This depends on both what the payment is for, and which US jurisdiction's law
binds. There are circumstances in California, e.g., for which there is a
$5,000 limit -- and circumstances for which there is a $100,000 limit.

Which is one reason why you should go to a lawyer.

------
grumps
1\. Get a lawyer. 2\. Get a lawyer. 3\. I'm not a lawyer. 4\. Always have a
bargaining chip

Unless you have something in place, it's probably not worth much a legal
action. Maybe some threatening phone calls, and letters from a lawyer. If they
are BIG they will attempt to drive you to the ground.

Watch the video posted from Mule Design and take this as a hard lesson
learned.

------
davismwfl
Use an attorney, there is no other viable option. Consider 10-30% of your 12k
as a collection fee and pay the attorney.
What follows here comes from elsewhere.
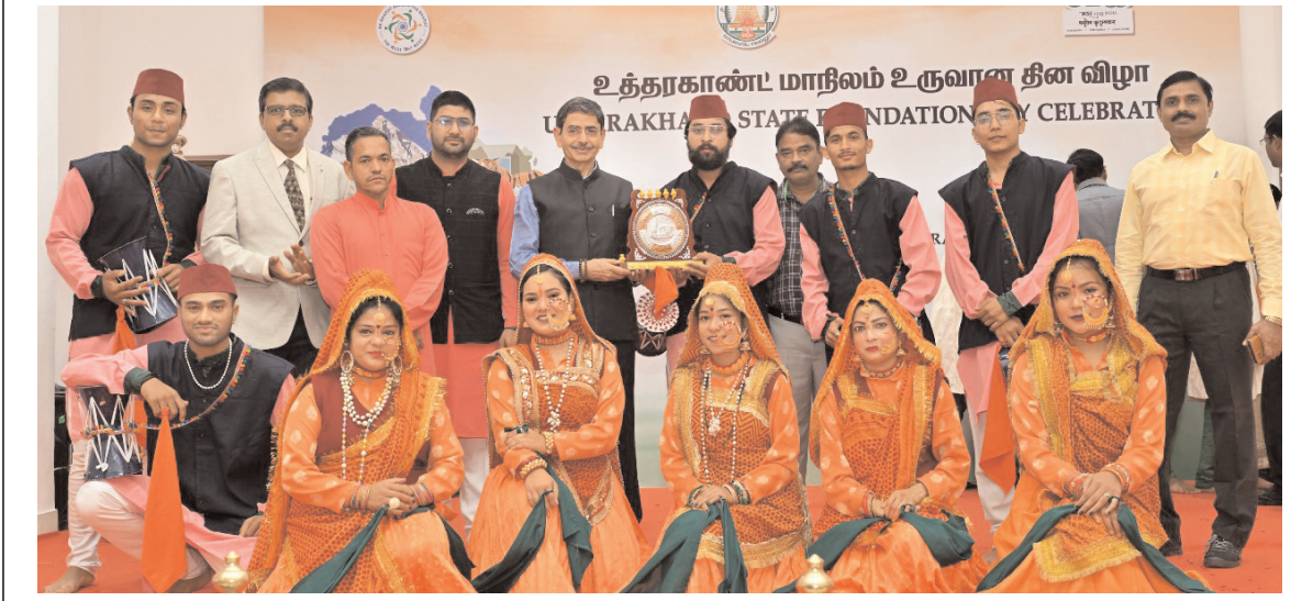
गुरुवार को चेन्नई राजभवन में उत्तराखंड राज्य स्थापना दिवस का आयोजन किया गया। राज्यपाल आर.एन रवि ने सभी उत्तराखंडियों को स्थापना दिवस की शुभकामनाएं दीं। इस मौके पर सांस्कृतिक कार्यक्रम हुए।

At best they respond to a single
letter from the attorney and pay, at worse you wind up paying about 40% of the
money owed to the attorney. If the attorney asks for more than that find
someone else.

------
dwd
As everyone else has said, use your lawyer.

Secondly get on with working with your paying clients and spend the least
amount of time as you can in debt recovery. Let your lawyer defend your T's &
C's, (hopefully they also wrote them for you) so you don't turn a 12k loss
into a 24k loss.

------
27182818284
Best case: You get a lawyer for something like $250/hr and hopefully your case
is clear enough that the lawyer can send a few simple "nastygrams" in a couple
hours worth of billings. The company comes back with either full or partial
payment and you move on.

------
msantos
I'm sorry I can't offer you a solution. However, I'd like to suggest you do
_not_ do something like this =>
[http://nycfreshmarket.com/](http://nycfreshmarket.com/)